Task to complete:
Copy out every entry that follows, without a single picture.

Dataset excerpts:
---

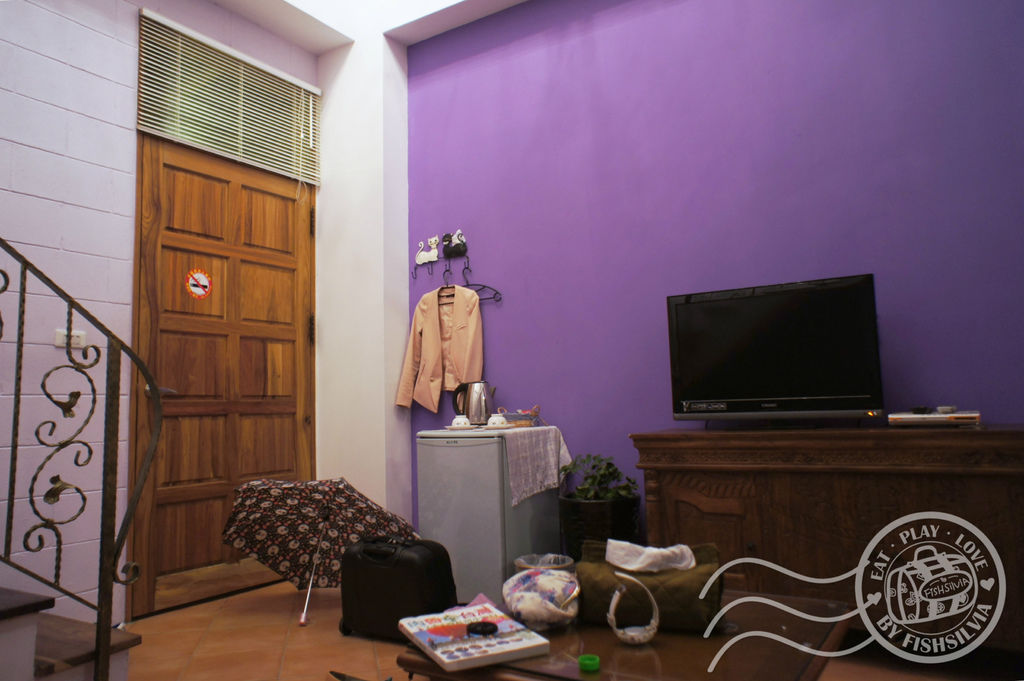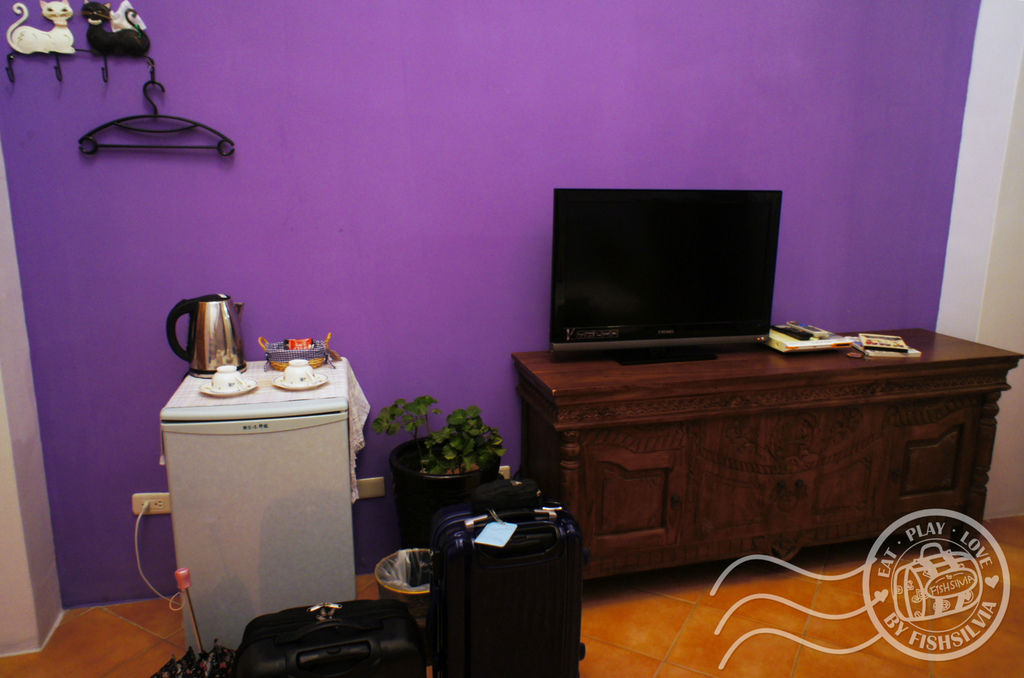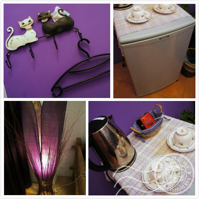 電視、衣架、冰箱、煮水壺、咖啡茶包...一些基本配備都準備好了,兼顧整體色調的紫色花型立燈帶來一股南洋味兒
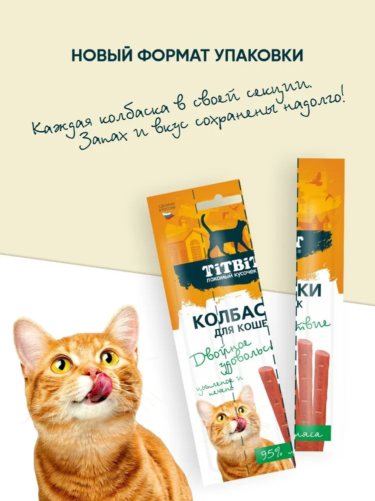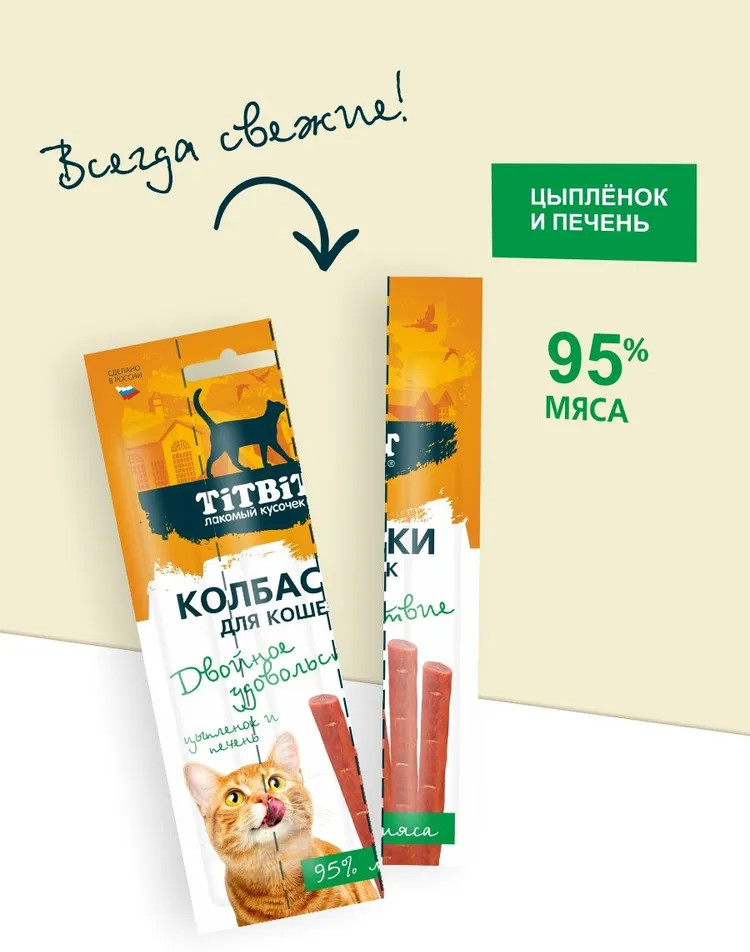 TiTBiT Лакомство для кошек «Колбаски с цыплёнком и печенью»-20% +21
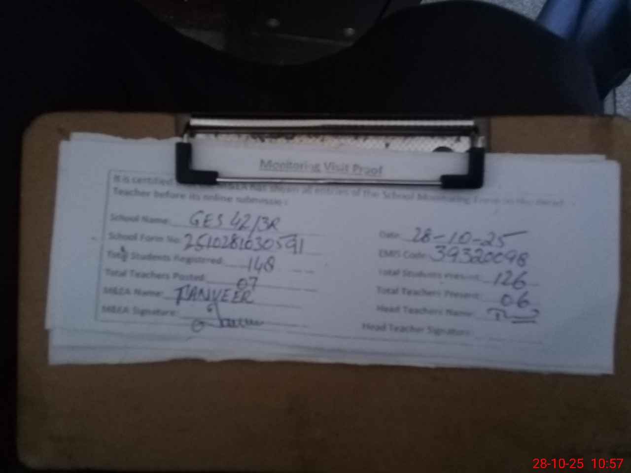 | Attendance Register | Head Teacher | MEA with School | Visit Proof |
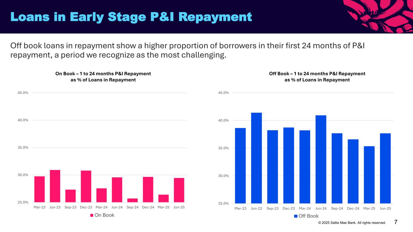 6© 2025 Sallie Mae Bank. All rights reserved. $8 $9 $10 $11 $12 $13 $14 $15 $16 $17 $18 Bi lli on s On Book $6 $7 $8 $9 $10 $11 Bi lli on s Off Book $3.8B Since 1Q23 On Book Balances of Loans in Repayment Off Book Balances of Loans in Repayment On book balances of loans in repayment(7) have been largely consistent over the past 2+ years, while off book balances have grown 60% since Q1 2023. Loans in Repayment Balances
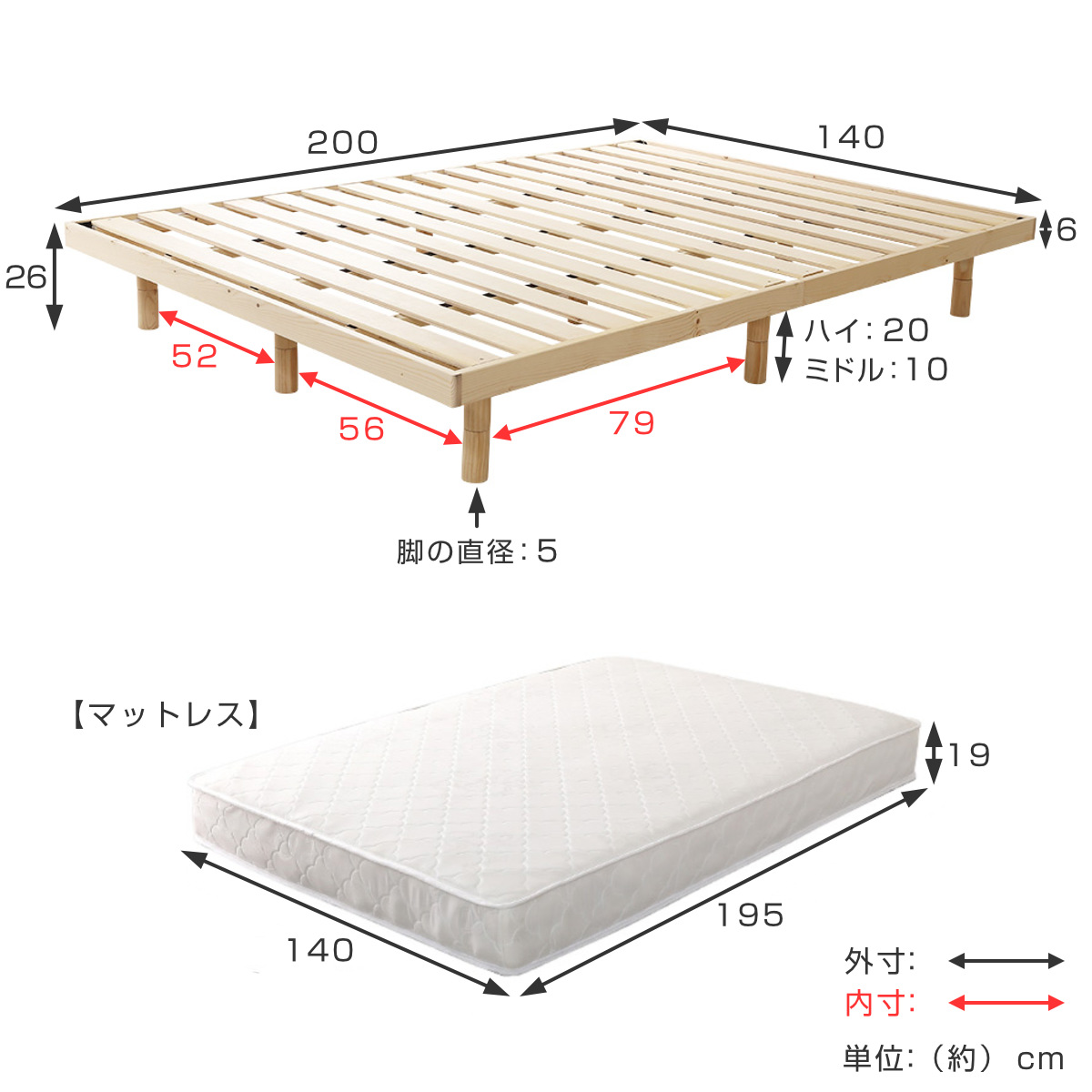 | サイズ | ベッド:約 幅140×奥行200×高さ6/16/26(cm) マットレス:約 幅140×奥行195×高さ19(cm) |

---

Solution to this problem:
 電視、衣架、冰箱、煮水壺、咖啡茶包...一些基本配備都準備好了,兼顧整體色調的紫色花型立燈帶來一股南洋味兒
 TiTBiT Лакомство для кошек «Колбаски с цыплёнком и печенью»-20% +21
 | Attendance Register | Head Teacher | MEA with School | Visit Proof |
 6© 2025 Sallie Mae Bank. All rights reserved. $8 $9 $10 $11 $12 $13 $14 $15 $16 $17 $18 Bi lli on s On Book $6 $7 $8 $9 $10 $11 Bi lli on s Off Book $3.8B Since 1Q23 On Book Balances of Loans in Repayment Off Book Balances of Loans in Repayment On book balances of loans in repayment(7) have been largely consistent over the past 2+ years, while off book balances have grown 60% since Q1 2023. Loans in Repayment Balances
 | サイズ | ベッド:約 幅140×奥行200×高さ6/16/26(cm) マットレス:約 幅140×奥行195×高さ19(cm) |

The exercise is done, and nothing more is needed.